Don’t take my hand

My palms were never soft. If you ever held my hand you’d feel they’ve been chiseled and worked with.

They’re not fleshy, they’re not silken. They don’t possess any generic mark of femininity.

They are flat and pale. Like a slab of colorless granite. Green veins pulsate beneath my cold, pasty skin.

The upper terrain is rigged and rough, with blotches of sun burns I try to hide.

My palms are so even, so toned. There is no plumpness to denote that they were ever fostered or caressed.

So when you hold them, you might flinch, but you’ll come to know what years of struggle does to a pair of hands.

Because unlike other women, I never had a chance to be soft.

My Encounter With Farheen.

Varanasi, also known as Kashi is a city of Religion, Culture, Colors, Temples and Festivals. The city is bathed in the purity of the prolific Ganges. The captivating aroma of the censers envelops the city in the moth hour of evening. Sitting on the banks of this serene river in the cold winter evening I marveled at the strength of the city. How for centuries this place held on to it’s beliefs. How it never let the gradual progress in technology plunder it’s faith or it’s culture. The holiest city in India where several spiritual books were written. And it’s not surprising why people often visit this place for peace of mind, enlightenment or even salvation.

My purpose however did not involve any of the above. My reason for visiting this blessed city was a wedding. Not a family wedding but a “My father’s close friend’s daughter whom I never met” wedding. I wasn’t necessarily looking forward to it. I was hardly interested. The only factor that urged me to pack my luggage was to visit the place where I spent the initial 4 years of my life.
We had moved from Varanasi 14 years back. In search for better opportunities, progress and facilities. Urbanization, as you may call it. But flashes of broken memories still teased me. As if waiting for me to re-live them.

But I’m not here to tell you about my visit to the place or my experience. I’m here to tell you about something or rather someone I met during my 3 days stay. And this it how it goes.

I was sitting in a room packed with ladies chatting. Frequent giggles and “I don’t really mean it” compliments swept the place. Sweets and fancy starters were being served and crunches and bites were audible. The room was decorated with lighting and flowers. Daisy’s I suppose, but who cares. I sat in the corner of the room. Observing people like I usually do. I saw busy waiters waiting for this darn thing to be over. Boys flirting their way with the bridesmaids. I saw the bride’s father heavily occupied with several papers, a cell phone in his left ear and also pointing the direction to some guest.  Little kids running around, oblivious to the occasion.

When I was done with my share of observing, I dived my way in my cell-phone. Trying to pass the seemingly long hours. I was engrossed in reading my facebook homepage when someone came and sat beside me. Without looking up I shifted to the side to make room for the other person.  After a few minutes I saw a hand in front of me, “Hi, I’m Farheen.”
I looked up abruptly,  half-expecting  an interesting conversation.
“Aakansha.”
I must admit that the girl was probably one of the most beautiful girls I had ever seen.

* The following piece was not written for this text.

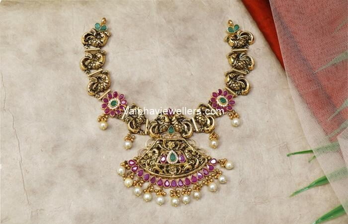 The Majestic Dynasty Antique Gold Haram from Vaibhav Jewellers is a beautifully crafted piece that showcases intricate designs and an antique finish. Ideal for weddings or festive celebrations, it adds a touch of elegance and cultural significance to any outfit while celebrating traditional Indian artistry.

Don’t doubt my sexuality, I’m straight. But sweet lord she was mesmerizing. I only wondered at the number of approaches she might be getting. She wore a white dress with a cloth covering her head. She had pale white skin like snow and black glistening eyes that shimmered with a starry glow.
“So you’re here from the groom’s side?” she asked with a warm smile.
“No, from the bride’s.”
See, I’m not really good in starting a conversation and I’m even bad in continuing them with a stranger. This obviously applied here as well.
For a moment we were silent. Then she asked me a question that was well, spontaneous.
“What do you want to be when you grow up?”
“Well.” I said befuddled, “I want to be a columnist..” She nodded in appreciation.
“And you?” I asked, judging the flow of the conversation.
“Well , I don’t think I’ll be able to become something. My parents will get me married after I finish school.”
Before I could say a word, she got up and said, “I was here for the bride’s make-up and looks like I’m needed now. It was nice meeting you. Bye.”
I sat there frozen. I barely listened to what she said. My mind kept  focussing on  ‘My parents will get me married after I finish school.’

I couldn’t believe how someone could something so atrocious and despicable to a person. I was furious at her condition. I wanted to help her. I was frustrated and wanted to get some fresh air.  It agitated me that she wasn’t ALLOWED to fulfill her dreams but the thing that bothered me more was her genuine acceptance of the situation. How hopeless she was. There was no air of struggle or fight in her. Maybe because she gave up. Such a beautiful girl who needed to appreciated by the world lived the life of a prisoner. I barely think any boy got near her, let alone APPROACHES.

I came back to my city after the jaded wedding. For some days I thought about her. Planned to help her when I grow up.  But soon I got engulfed in my own daily routine and carried on with my life . But her memory is still etched in my brain. What happened to her.  Whether she’s married or still makes up the brides. I can’t possibly know. And I’ll be staunchly honest to you, I don’t even want to know.